Re: Redshift source for Python

Posted by Dmitry Demeshchuk <dm...@postmates.com>.

I really like the idea of a general S3 FileSystem first, sounds like it may
also make the dynamic rebalancing work way easier.

As for a generic PostgresIO source – yes, that's also in plans, because we
rely on regular Postgres as well. In Redshift, using UNLOAD on large
datasets is still the recommended approach, and we'd be using Redshift more
extensively, so I decided to start with this source. I think these two
sources will be complimentary to each other.
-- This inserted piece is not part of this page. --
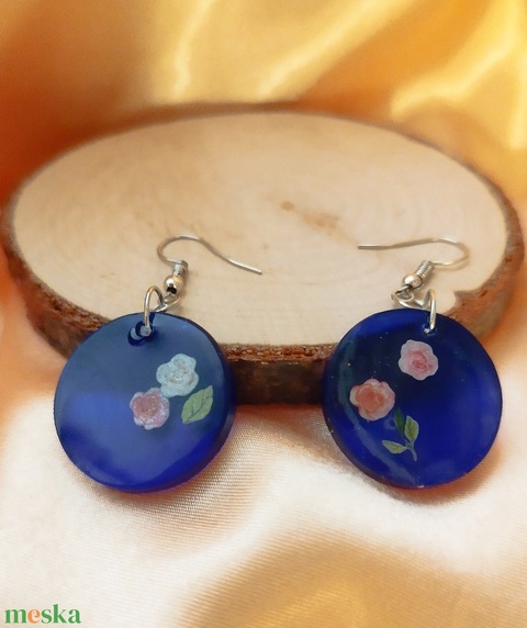 Kék színű kör alakú női fülbevaló és medál
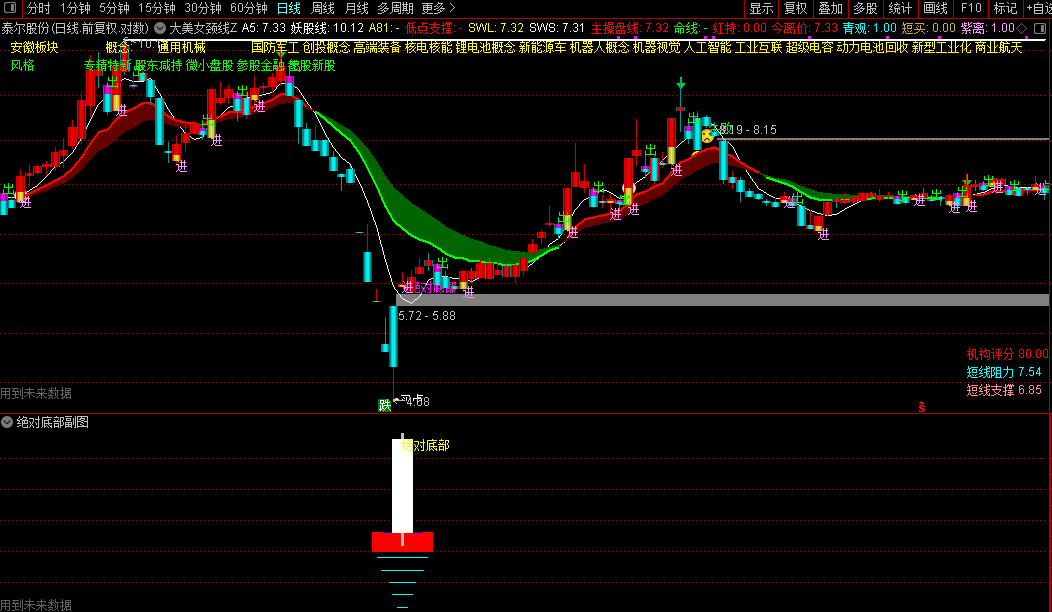 本指标为“大美女颈线突破”包括1主、2副和2选指标分析工具,主要用于识别个股关键颈线位置的突破信号,并辅助判断买卖时机。其核心功能包括:自动绘制不同周期的颈线及支撑压力线,当价格放量突破白色“妖股线”或黄色颈线时,会标记“妖股”或“突破颈线”提示,为趋势启动提供参考。同时,指标结合成交量、跌幅等条件,在特定回调位置捕捉“凹口淘金”等低吸机会,并设有“绝对底部”、“全军出击”等多元买点预警。此外,它还整合了短线支撑阻力位显示、机构评分、涨停统计等实用信息,帮助投资者综合把握股价强弱与结构,适用于趋势跟踪和突破交易的辅助决策。

As for the AWS keys – that's actually another question I wanted to ask:
what's the recommended approach to storing and passing around the secrets
like access tokens, passwords and such? The plan I originally had was to
instead make the Dataflow nodes make the appropriate API calls to Google
Cloud Storage and Google KMS. It feels, however, that it's generally safer
and easier to reuse when secrets are defined at object configuration time
and then just passed in serialized fashion to Dataflow.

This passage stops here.